A global boom in shale oil production similar to the one already underway in the United States could bring down the price of crude as much as 40 percent and add up to 3.7 percent to world economic output, a study released Thursday said.
A study by the PwC consultancy estimated that global production of shale, or tight oil, could gush up to 14 million barrels per day by 2035, or about 12 percent of the world’s total oil supply.
It estimated this would cut 25 to 40 percent off the projected price of $133 per barrel in 2035 by the US Energy Information Administration, which still assumes low levels of shale oil production.
PwC said “we estimate this could increase the level of global GDP in 2035 by around 2.3-3.7 percent,” which is worth $1.7-$2.7 trillion (1.3-2.0 trillion euros) at today’s global gross domestic product levels.
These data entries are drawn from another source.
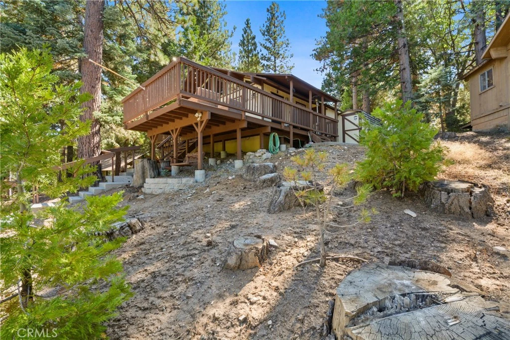 This well-kept 2-bedroom, 1-bath cabin offers a perfect escape into the San Bernardino mountains. Built in 1978 and full of character, the home features vaulted high ceilings, a unique indoor fire pit, and a spacious open living area that creates a warm, inviting atmosphere year-round. Situated on a generous 7,000 sq ft lot, the home includes an outdoor deck ideal for relaxing or entertaining in a peaceful wooded setting. Whether you’re looking for a weekend getaway, vacation rental, or full-time mountain living, this property fits the bill. Located just 30 minutes from the city, you'll enjoy the rare combination of quiet mountain living with convenient access to urban amenities. Close to hiking trails, ski resorts, and Lake Arrowhead, this cabin is your gateway to year-round recreation.
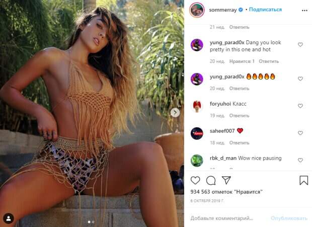 Как известно, чаще всего в профиле знаменитости в социальной сети Инстаграм можно найти кадры из спортзала, жаркие фото с тренировок в модных трендовых костюмах и рекомендации по правильным упражнениям длятого, чтобы накачать рельефные формы без проблем. Изредка девушка делится фото с пляжа или фотосессий, устроенных в модных студиях. К примеру, в этот раз Соммер покорила провокационной позой в однм белье и тонкой сеточке, совсем не скрывающей ее грудь. «Чье имя вы ищете в просмотрах истории Insta?», - написала под фото Соммер. Вот что ответили фанаты: «Очень горяча», «Черт возьми, ты выглядишь красиво и горячо», «Класс», «Вау, хорошая поза», «Горячий вид и она тоже», «Мне 29 лет, но я не люблю тебя, мне нравится твой контент, и я поддерживаю тебя», «Как голодная кошечка», «Очень жарко🔥🔥🔥», «Боже, это красивое тело, хотя оно идеально», «Вот это да», «У меня есть тренировка для тебя! Ударь меня в dms!», «Вот это да!!! Ты такой идеальный малыш 🥰🤞💯». До этого удивительно стройная модель восхитила видом в супер-коротеньком топе на тонких лямках и серых шортах. Соммер решила показать, как занимается в зале и представила личный топ своих популярных упражений. Для идеальной талии Рэй покрутила обруч, для подтянутых бедер и упругих ягодиц девушка порекомендовала приседания с уклоном, а для рельефной формы ног специальные упраженения с резинками. «В настоящее время группы занятий живут в @shopsommerray 😛 добавь эти группы к своей тренировке, и я обещаю, они изменят твою жизнь», - написала Соммер. Вот что ответили фанаты: «Дай мне попробовать», «У меня будет песня с Muscle Man!», «Только здесь для начала нужно иначе заниматься», «хорошо но нравится как ты такая красивая ?!», «Хороший газон. Все это», «Так много ботов», «мои гости приглашают ко мне ваши формы😋», «КАК??? Как кто-нибудь может быть таким идеальным?», «Вы так великолепны 💛», «Я люблю» тебя, идеальная детка 💛», «Вы пришли сегодня взбодрились», «Beautiful🔥». Напомним, шикарная Ана Чери показала нереальные объемы, лосины аж трещат А еще Politeka писала, фитнес-модель Соммер Рэй впечатлила невероятной фигурой: "Утерла нос Ане Чери и Деми Роуз" Также Politeka сообщала, что Ана Чери в наряде с вырезом изогнулась ради горячих снимков
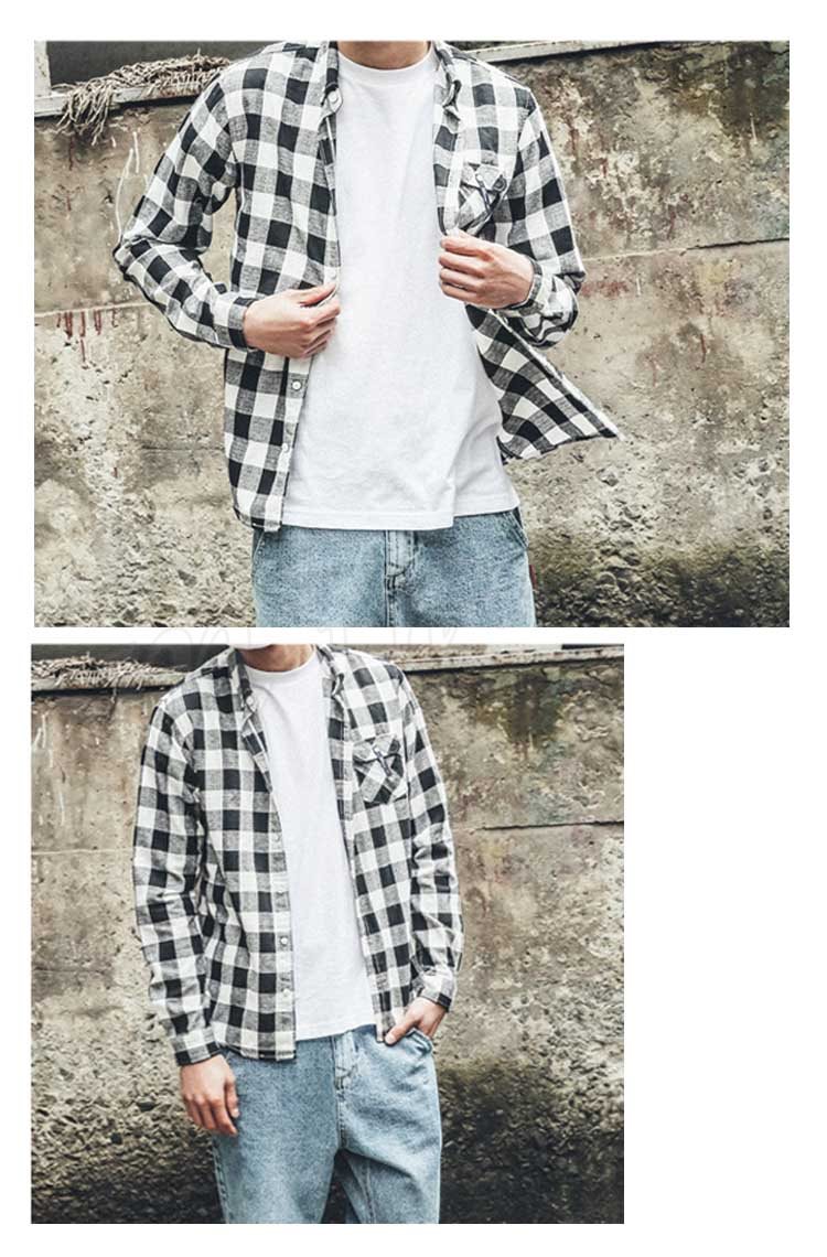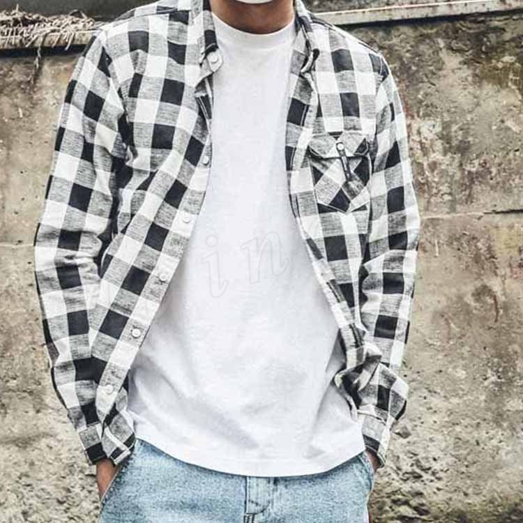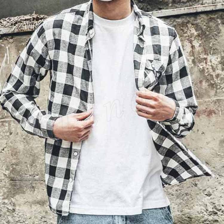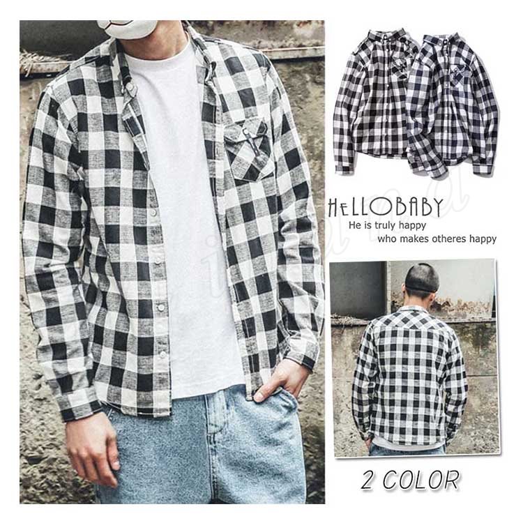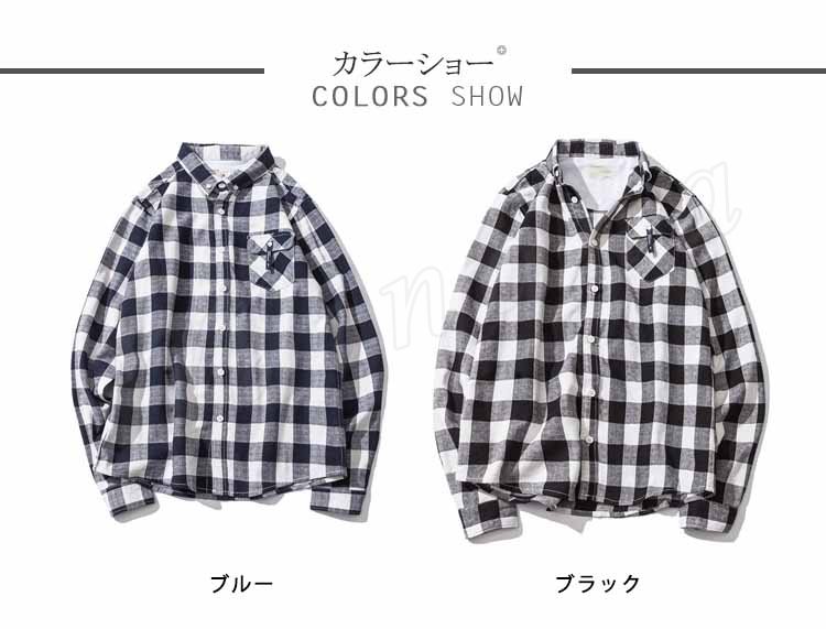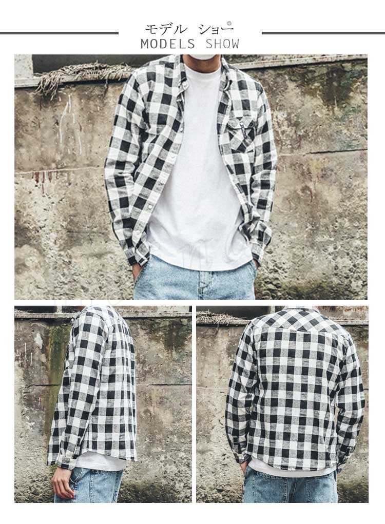 カジュアルシャツ メンズ トップス シャツ 長袖 チェック柄 シンプル カジュアル 胸ポケット ボタンダウン ゆったり メンズファッション?
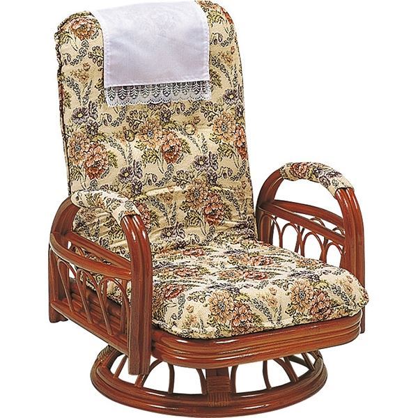 座椅子 奥行65~88 高さ62~75 座面高26cm リクライニング式 360度 回転 木製 籐 サイドポケット 肘付き リビング 代引不可
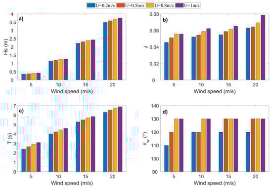 Wave parameters (a) , (b) , (c) , and (d) for the 16 cases in Table 1. The horizontal coordinates represent the different wind speeds (5, 10, 15, and 20 m/s).
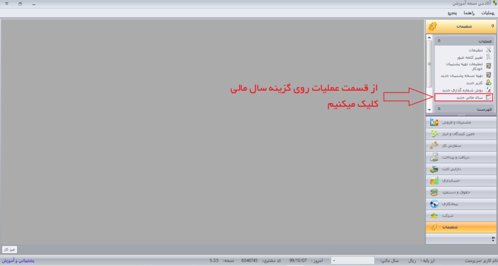 برای تعریف سال مالی از بخش تنظیمات نرم افزار، بخش عملیات گزینه سال مالی جدید را انتخاب کنید. در فرم تعریف سال مالی آیتم های “عنوان”، “تاریخ شروع” و “تاریخ پایان” را وارد کنید.

The consultancy said the widespread tapping of shale oil “would revolutionise global energy markets, providing greater long term energy security at lower cost for many countries.”
Technological breakthroughs in recent years have allowed the recovery of oil and natural gas from shale rock formations that previously could not be exploited.
Tapping such “unconventional” resources has led to a boom in US oil production, hitting 910,000 barrels per day in January according to estimates by the International Energy Agency, the highest level in over 30 years.
PwC noted this has led to US crude oil prices falling compared to global prices.
A boom in shale gas production has also led to far lower natural gas prices in the United States than in other countries.